[Data records]
::::::::

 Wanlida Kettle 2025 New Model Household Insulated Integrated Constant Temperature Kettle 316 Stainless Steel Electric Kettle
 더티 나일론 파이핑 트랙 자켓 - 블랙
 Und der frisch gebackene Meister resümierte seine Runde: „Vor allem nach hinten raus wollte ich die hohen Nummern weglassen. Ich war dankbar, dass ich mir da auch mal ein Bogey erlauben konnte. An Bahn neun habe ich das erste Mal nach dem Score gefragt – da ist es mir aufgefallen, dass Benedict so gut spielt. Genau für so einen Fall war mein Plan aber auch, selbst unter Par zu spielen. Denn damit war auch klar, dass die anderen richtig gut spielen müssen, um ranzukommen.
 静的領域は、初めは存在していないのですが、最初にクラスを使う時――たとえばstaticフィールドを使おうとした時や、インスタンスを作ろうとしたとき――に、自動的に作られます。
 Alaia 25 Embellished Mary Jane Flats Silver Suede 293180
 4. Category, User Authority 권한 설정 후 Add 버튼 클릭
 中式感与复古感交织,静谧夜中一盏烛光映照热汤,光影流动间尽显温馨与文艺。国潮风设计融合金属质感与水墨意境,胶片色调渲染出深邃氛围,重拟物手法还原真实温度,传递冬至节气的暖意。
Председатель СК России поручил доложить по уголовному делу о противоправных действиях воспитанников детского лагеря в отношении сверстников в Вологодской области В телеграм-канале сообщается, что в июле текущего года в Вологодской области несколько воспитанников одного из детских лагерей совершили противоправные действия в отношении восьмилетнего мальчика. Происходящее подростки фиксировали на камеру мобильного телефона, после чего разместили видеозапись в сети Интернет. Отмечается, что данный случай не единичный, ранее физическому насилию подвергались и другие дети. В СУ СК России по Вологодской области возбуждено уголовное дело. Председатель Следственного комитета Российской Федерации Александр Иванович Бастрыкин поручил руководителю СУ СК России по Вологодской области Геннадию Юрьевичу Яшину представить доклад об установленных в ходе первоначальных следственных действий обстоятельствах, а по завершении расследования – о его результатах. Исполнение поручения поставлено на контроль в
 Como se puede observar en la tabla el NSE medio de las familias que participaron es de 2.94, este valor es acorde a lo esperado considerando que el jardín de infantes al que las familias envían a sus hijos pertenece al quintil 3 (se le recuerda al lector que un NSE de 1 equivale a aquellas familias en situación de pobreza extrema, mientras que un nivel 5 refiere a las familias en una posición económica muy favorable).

::::::::

> **Exercise prompt**
Please print the lines from the start of the records up to and including the line with "中式感与复古感交织,静谧夜中", copying each one exactly and leaving out the rest.

> **Task solution**
 Wanlida Kettle 2025 New Model Household Insulated Integrated Constant Temperature Kettle 316 Stainless Steel Electric Kettle
 더티 나일론 파이핑 트랙 자켓 - 블랙
 Und der frisch gebackene Meister resümierte seine Runde: „Vor allem nach hinten raus wollte ich die hohen Nummern weglassen. Ich war dankbar, dass ich mir da auch mal ein Bogey erlauben konnte. An Bahn neun habe ich das erste Mal nach dem Score gefragt – da ist es mir aufgefallen, dass Benedict so gut spielt. Genau für so einen Fall war mein Plan aber auch, selbst unter Par zu spielen. Denn damit war auch klar, dass die anderen richtig gut spielen müssen, um ranzukommen.
 静的領域は、初めは存在していないのですが、最初にクラスを使う時――たとえばstaticフィールドを使おうとした時や、インスタンスを作ろうとしたとき――に、自動的に作られます。
 Alaia 25 Embellished Mary Jane Flats Silver Suede 293180
 4. Category, User Authority 권한 설정 후 Add 버튼 클릭
 中式感与复古感交织,静谧夜中一盏烛光映照热汤,光影流动间尽显温馨与文艺。国潮风设计融合金属质感与水墨意境,胶片色调渲染出深邃氛围,重拟物手法还原真实温度,传递冬至节气的暖意。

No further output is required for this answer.